Однако мои пессимистические прогнозы распространяются только на современную реалистическую драму в прозе. Разумеется, я далек от мысли, что дни ее сочтены. Драма, как показывает ее долгая история, столь же необходима человечеству, как музыка, живопись, архитектура и поэзия. Но когда та или иная форма искусства достигает предела возможного совершенства и начинает постепенно отмирать, не остается ничего иного, как вернуться к ее истокам. Не случайно современные художники находят новый источник вдохновения в африканской деревянной скульптуре и высеченных из камня произведениях искусства, оставленных нам древними майя и перуанскими индейцами. На заре своей истории драма услаждала взор лицедейством и танцами, а слух — поэзией и музыкой. И я полагаю, современному драматургу не мешало бы призвать на помощь родственные искусства. Вряд ли сегодня в драме приживется белый стих, но легкий, передающий живую разговорную речь размер, похожий на тот, каким писали испанские драматурги Возрождения, только с более свободной рифмой, был бы воспринят не только «узким кругом избранных», но и широкой публикой. Все, кто видел пьесы Расина, знают, что пространная поэтическая тирада не только несет глубокое содержание, но и благодаря воздействию ритмической речи обладает необычайно эмоциональной силой. Я не вижу причины, почему бы не ввести в спектакль музыку, как это делалось в старых мелодрамах, чтобы создать настроение в зрительном зале или выразить чувства, владеющие героями. Нет нужды повторять, какое удовольствие получаешь от спектакля, когда видишь на сцене замечательные декорации, яркие живописные костюмы, прекрасные танцевальные номера. Искусный драматург должен легко и непринужденно владеть всеми сценическими эффектами. Если спектакль смотрится как увлекательное зрелище, то зритель будет затаив дыхание следить за драмой человеческой души, без которой немыслим ныне театр, если он не хочет отстать от последних достижений кинематографа.

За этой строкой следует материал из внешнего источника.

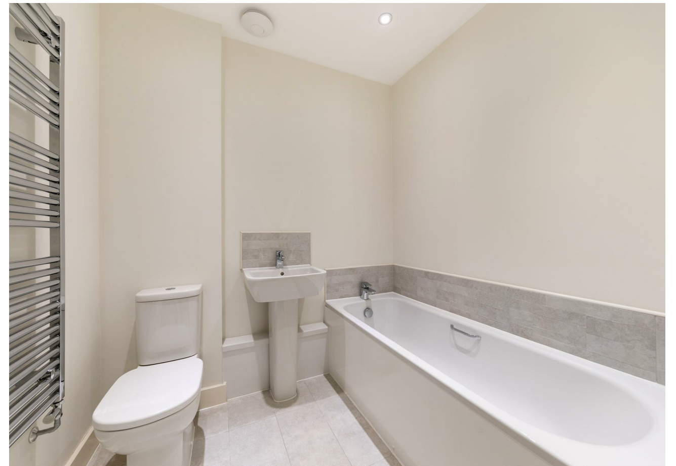
Ensuite 6'10" x 4'8"
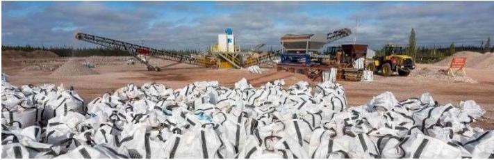
Concentrated ore with sensor-based sorter

Но я убежден, что драматург вовсе не должен быть рабом высоких материй и глубокомысленных тем. Он вправе писать комедии. Требование жизнеподобия нанесло этому жанру немалый вред. Мне посчастливилось в жизни общаться со многими остроумнейшими людьми. Так вот, по моим наблюдениям, они блистали своим даром лишь от случая к случаю. В реальной жизни никто не изощряется в остроумии, как комик на сцене, да и сами остроты редко бывают столь отточены, безупречны и метки. Диалог в комедии, по сути своей, нечто искусственное, и нелепо пытаться воспроизвести в нем нашу повседневную речь. Комедиограф призван не копировать жизнь, а весело высказывать свои суждения о ней. И я убежден, что в комедии всегда есть место фарсовым трюкам и ситуациям. Драматурги знают, что практически невозможно чисто комедийными приемами удерживать внимание зрительного зала на протяжении двух с половиной часов. Но едва только юмор становится грубоватым, как критики уже покачивают головами, мягко или саркастически сетуя по поводу вторжения на сцену «низкой комедии». По-моему, они глубоко заблуждаются. Комедия, построенная только на острословии, воздействует на интеллект зрителей. Между тем человек так уж устроен, что не довольствуется одними интеллектуальными наслаждениями: фарс затрагивает в нем его утробу. Великие комедиографы прошлого ничуть не гнушались фарсом, и мне думается, будущим комедиографам тоже не следовало бы относиться к нему свысока, а свободно пользоваться его возможностями для более полного раскрытия замысла, как некогда Аристофан и Мольер. И пусть их не смущает презрение высоколобых. Они всегда могут в утешение себе вспомнить, как Уолтер Патер от души хохотал на представлении «Судьи»[*75].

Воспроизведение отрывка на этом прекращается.